Hashim Amla now in.  Out of-form-batsman, and out-of-depth captain of a team already one-down in the series, and he knows at least one of these things and probably both.  So if he also got a double century now, that would cheer me up too, because look what the human species - the species that both I and Hashim Amla are members of - is capable of when under extreme pressure.

Amla doing well now would also be good for cricket.  You know your team is doing well, when you start thinking that if the other guys were to start doing a bit better, that would be good for cricket.  Although, were Amla to get out soon, I could just about stand the disappointment.

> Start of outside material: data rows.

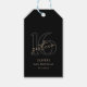Featuring a luxurious gold foil effect script "Thank You" and "Sixteen" set against a deep, matte black background, this minimalist design emphasizes clean lines and professional elegance. Perfect for attaching to gift bags, custom boxes, or party favors. Fully customizable — easily personalize with the celebrant's name and event date using the Zazzle design tool. Printed on high-quality, heavy cardstock with pre-punched holes, these tags coordinate flawlessly with our full black and gold luxury party suite for a polished 16th birthday experience.
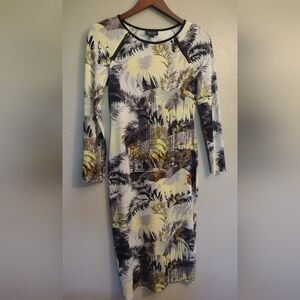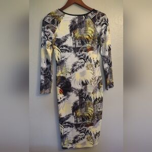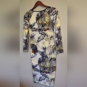 Topshop, bodycon, midi dress, long sleeve, body-con, body con, tight dress, body hugging, bodycon midi, bodycon long sleeve, tropical, palm print, cityscape, urban print, city print, jungle print, graphic print, statement print, yellow, grey, gray, black, white, multi-color, exposed zipper, zipper detail, zipper shoulder, black trim, party, going out, date night, cocktail, night out, holiday dress, edgy, street style
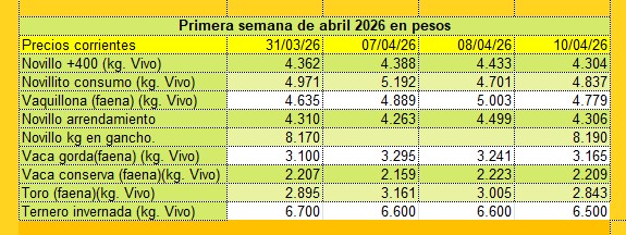 Precios de hacienda e índice de novillo para arrendamiento
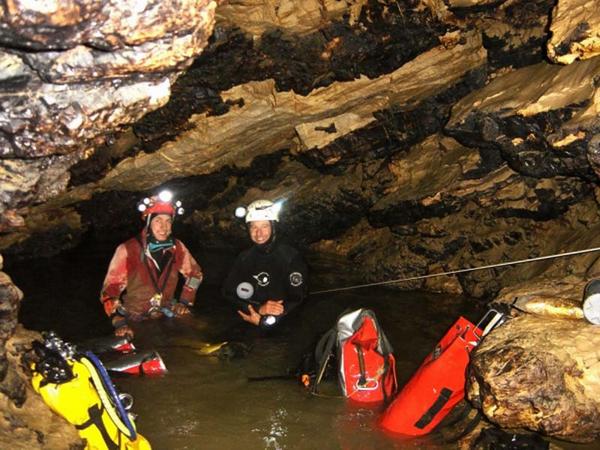 Un coup de chapeau à Christophe PASCAL, mon plongeur de soutien, qui a assuré le portage des grosses charges entre les siphons pendant que je récupérais.

Wednesday December 30 2015

Indeed:

imageimage

Photoed by me somewhat over a month ago, on Westminster Bridge.  I hope you agree that the darkness confers anonymity.

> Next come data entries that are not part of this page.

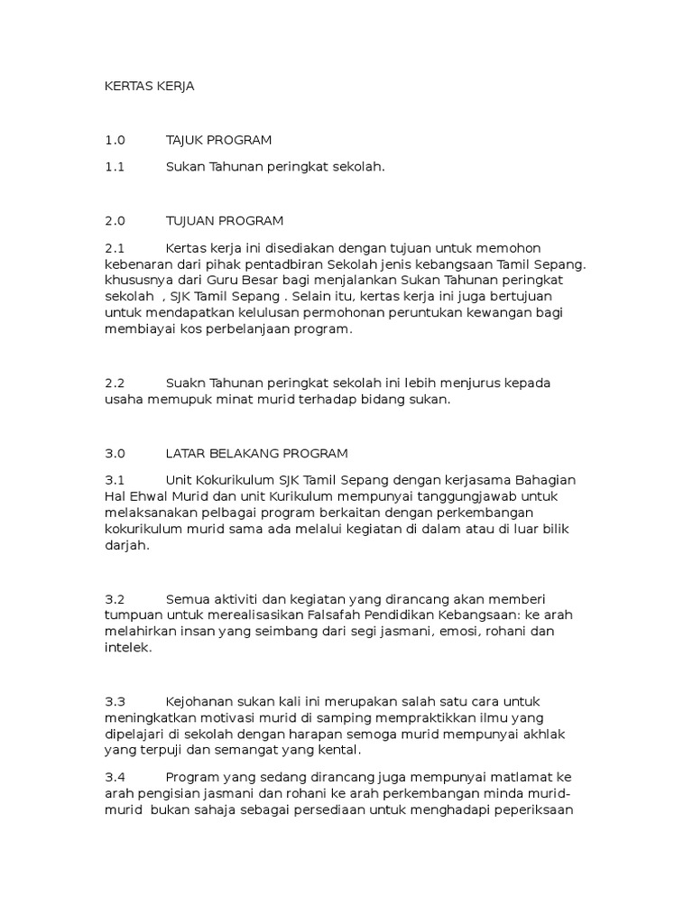 Contoh Kertas Kerja Program Documents Tips
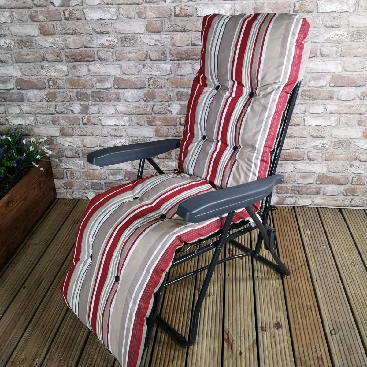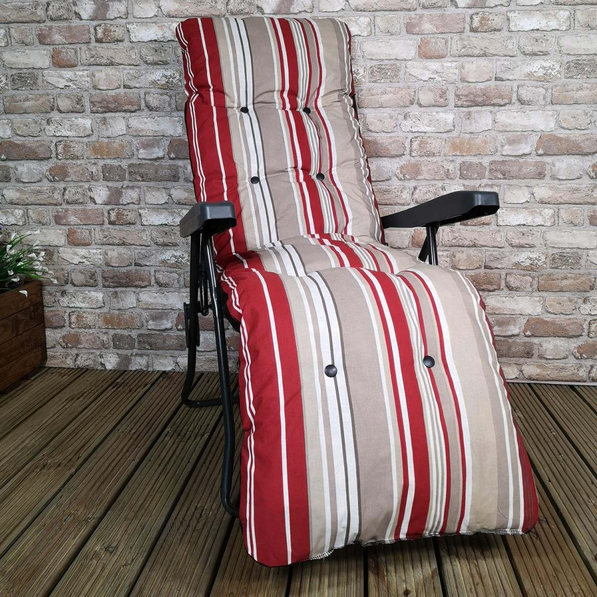 Padded Outdoor Garden Patio Recliner Sun Lounger - Red / 20cm
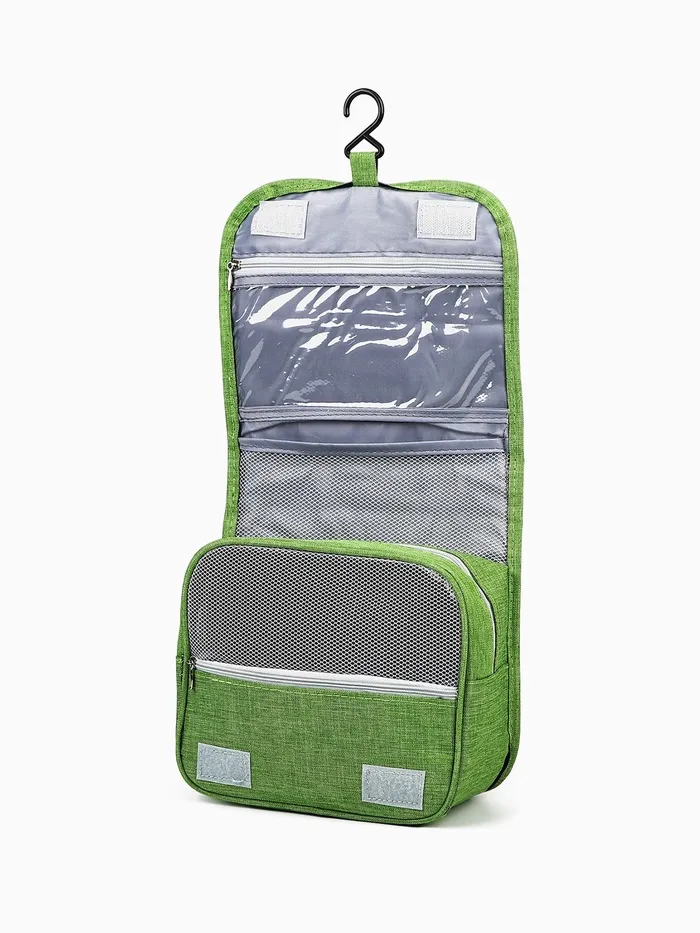 Косметичка-несессер дорожная на молнии, липучках, с ручкой, с крючком, зелёная — Характеристики

Photoing the Wheel is great, and you should do this as frequently as you can.  But, you must always have an angle.

Saturday December 12 2015

One of the things I have had to learn as a blogger is to go ahead with my little photo essays, even if I absolutely know that there are more relevant photos to be found in my archives, which I would love to include if only I could find them quickly.  When that happens, I should just go ahead anyway.  If I later encounter the photos I would like to have included the first time around, fine.  I should do another posting and link back to the first one.

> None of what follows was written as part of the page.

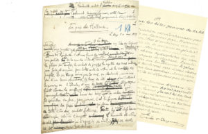 d’Agen (sur un sonnet attribué à Molière, plus 2 l.a.s. à Léon Deffoux), Pierre Daninos (tapuscrit avec corrections autogr.), François Erval (compte rendu du De Gaulle d’Alexander Werth), Louis Fuzelier (2 poèmes : La Rejouissance des habitans de la Celle a l’arrivée du Roy dans leur village et Au Merlan), Paul Guth (Le baccalauréat d’octobre, et 3 l.a.s.), Henry Monnier (2 brouillons de poème au crayon), Jean Rameau (poème L’Acacia), Henri Rochefort (article sur la divulgation du plan de mobilisation, 1887 ; photo jointe), Henri Troyat (article sur le tourisme), Roger Vailland (3p. de notes sur la philosophie).

You are probably expecting a photo here, to back up the above point …:

image

… so there is a photo.  It’s a nice photo.  But it doesn’t really make the point above it.  Perhaps, somewhere in my archives, there is a photo which does exactly make that point.  But, it would take too long for me to find it.

Friday December 11 2015

Photographs are, as all the world has recently been learning, except those whose business – paid or unpaid – it is to complain about what all the world has recently been learning, a wonderful aid to memory.

And many of the happiest memories of our extraordinarily comfortable and frequently very happy times involve food.  So - and the complainers complain about it with a venom they seem to reserve only for this, and for selfies - people now like to photo food.  Food that they have themselves prepared.  And food that others have prepared for them. 

And I like to photo them photoing the food.  This also makes happy memories.

Man prepares meat:  Man photos meat:  Man prepares salad:  Man photos salad:

image imageimage image

These are happy memories from last August.  Visit to friends in the outer suburbs.

The outer suburbs?  What do they look like?  Well, one of the things they look like (horizontalisation opportunity) is this:

image

That’s the large patch of grass, beyond the back wall of their back garden.  And sadly, although those things in the distance do vaguely resemble Big Things, they are actually rather smaller trees.

We are beyond the “Green Belt”.  The above photo, especially if clicked on, offers a glimpse of what the Green Belt might usefully be turned into, instead of it remaining for ever the wasteland of pointless open space that it is now.  It would need livening up a bit.  A bit of open-caste mining, or a temporary phase as a juvenile race track?  Then let nature take its course, and you’ll have a lovely place.  Apparently some industrial type activity (gravel?) is about to happen in that particular stretch of grass.  That will stir up some interesting nature, when the industrialising is done.

Finally, this being Friday, here is a visitor to our jollifications who dropped by that afternoon:

image

Like many cats in places like this, this cat seems to have a basic home of basic benefactors, and daily rounds to visit other potential and not-so-basic benefactors.  This visitor acquired no happy food memories with his/her visit, on the day I photoed him/her.  Not that day.

But I have plenty.  Without my camera, these memories would soon have gone.